SUPPLIED DATA —
======

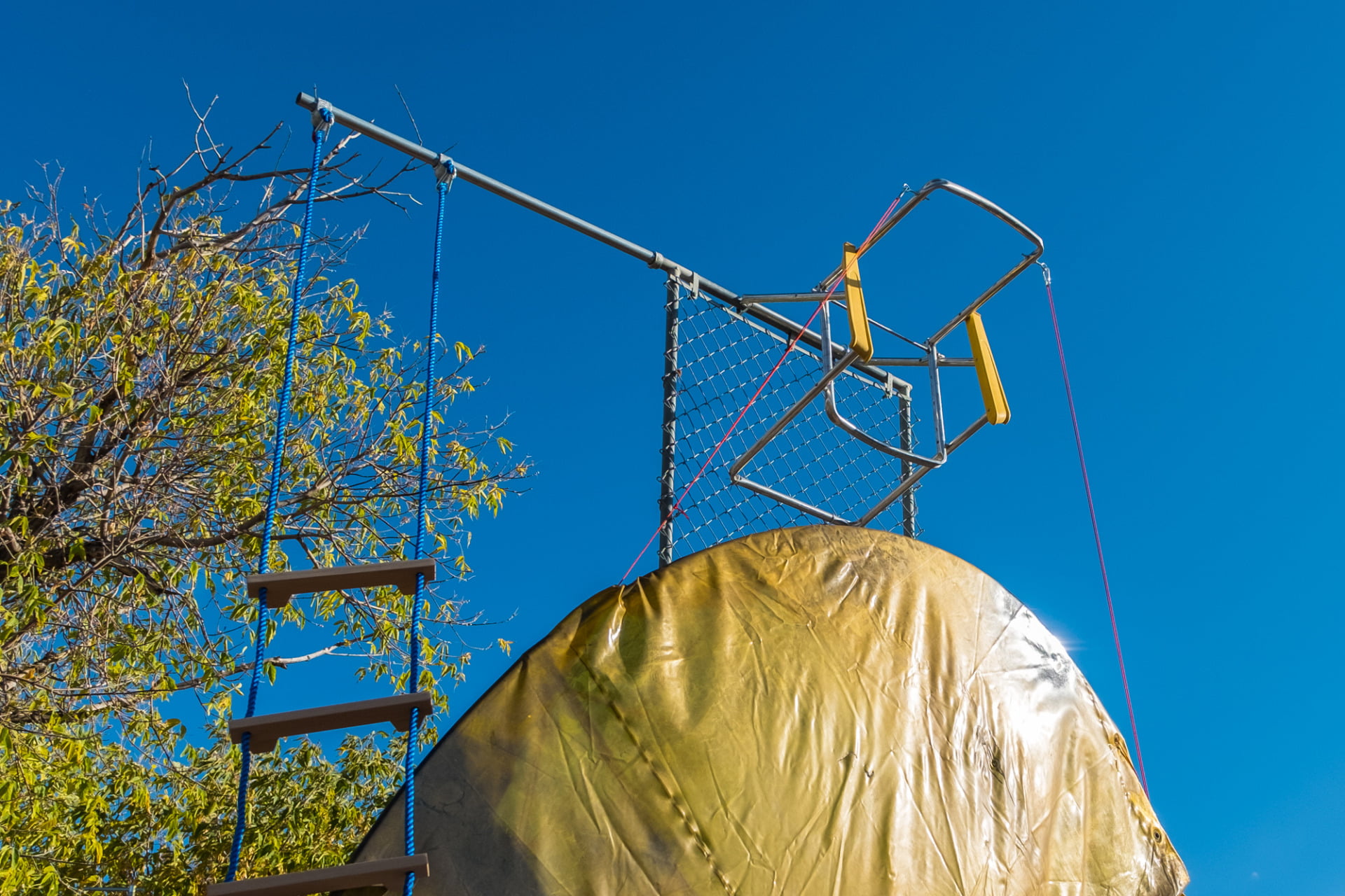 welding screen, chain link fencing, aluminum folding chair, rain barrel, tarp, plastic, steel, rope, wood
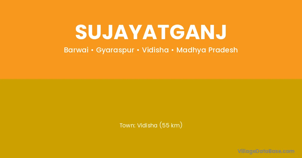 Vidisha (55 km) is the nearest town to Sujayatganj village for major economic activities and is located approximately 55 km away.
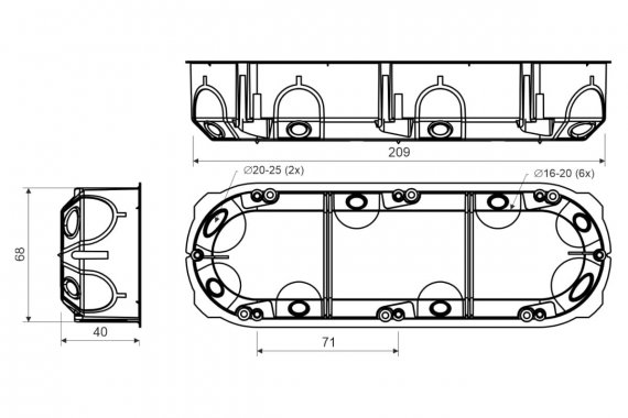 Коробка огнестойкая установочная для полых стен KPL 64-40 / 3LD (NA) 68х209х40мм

======

REQUIRED WORK — Reproduce the listing exactly, but keep its images out of the copy.

ANSWER BOX —
 welding screen, chain link fencing, aluminum folding chair, rain barrel, tarp, plastic, steel, rope, wood
 Vidisha (55 km) is the nearest town to Sujayatganj village for major economic activities and is located approximately 55 km away.
 Коробка огнестойкая установочная для полых стен KPL 64-40 / 3LD (NA) 68х209х40мм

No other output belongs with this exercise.